▶ [ABOUT THIS TASK]:
Nothing but the lines from the one with "Grow in medium" through the end of the material should be retyped, word for word and without pictures.

▶ [SOURCE DATA]:
..............................

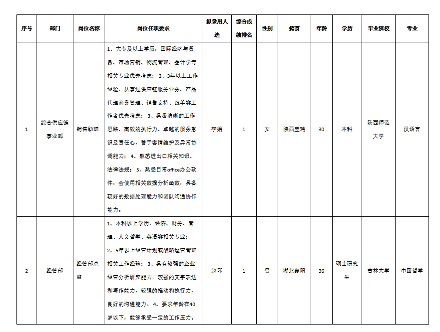 根據(jù)久和新科技(深圳)有限公司發(fā)布的招聘公告及招聘相關(guān)規(guī)定,經(jīng)筆試、面試、考察、體檢等程序,擬錄用趙環(huán),李娟同志到久和新科技(深圳)有限公司工作,現(xiàn)予以公示,具體情況如下:
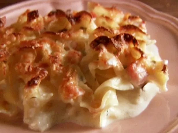 Pour the cheese sauce over the noodles and add to a 3.6L casserole dish.
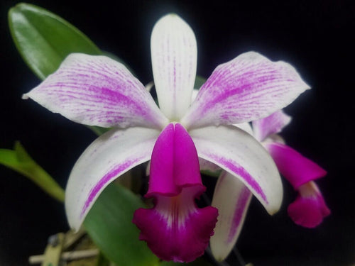Grow in medium light in a well-drained mix. quality cross of this South American species using superior tetraploid parents. White 4" flat flowers with varying degrees of magenta flares and a darker lip with good substance. Will get a few semi albas with no flaring. Usually gets 3 to 6 flowers on a strong inflorescence.
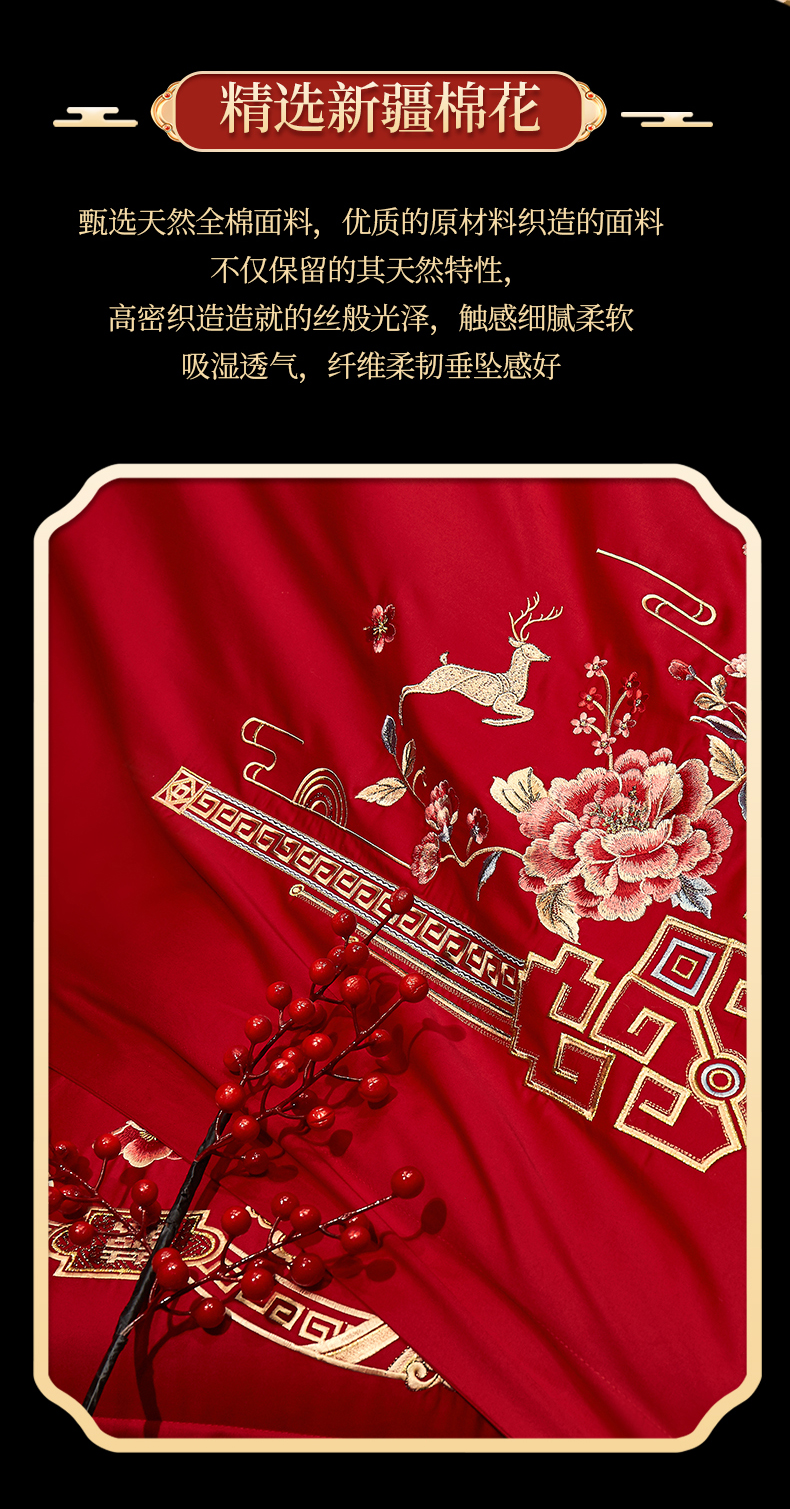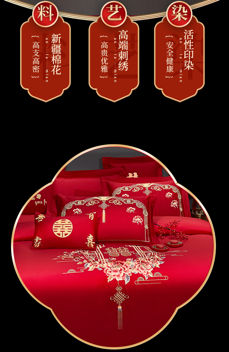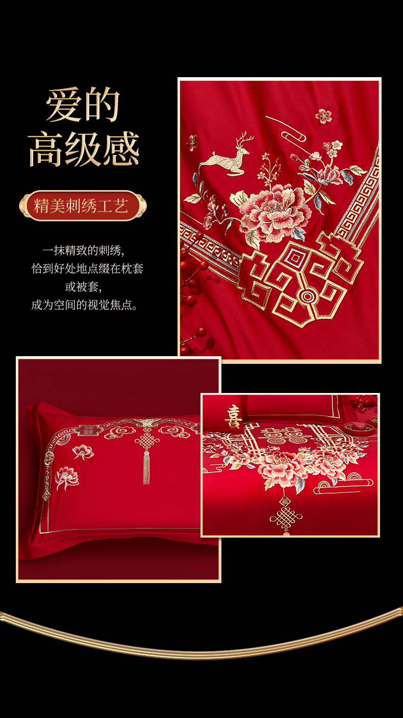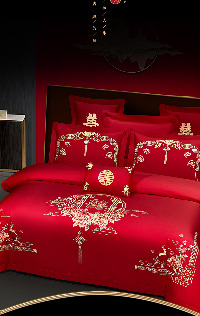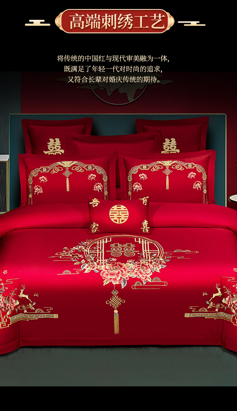当前位置: 91家纺网 > 商品网购 > 床品套件 > 四件套 > 婚庆四件套 > 浩情国际婚庆供货中心 2026新款100%全棉长绒棉纯棉婚庆四件套结婚刺绣六件套多件套长期供货 家有囍事-金

..............................

▶ [ANSWER TO THE PROBLEM]:
Grow in medium light in a well-drained mix. quality cross of this South American species using superior tetraploid parents. White 4" flat flowers with varying degrees of magenta flares and a darker lip with good substance. Will get a few semi albas with no flaring. Usually gets 3 to 6 flowers on a strong inflorescence.
当前位置: 91家纺网 > 商品网购 > 床品套件 > 四件套 > 婚庆四件套 > 浩情国际婚庆供货中心 2026新款100%全棉长绒棉纯棉婚庆四件套结婚刺绣六件套多件套长期供货 家有囍事-金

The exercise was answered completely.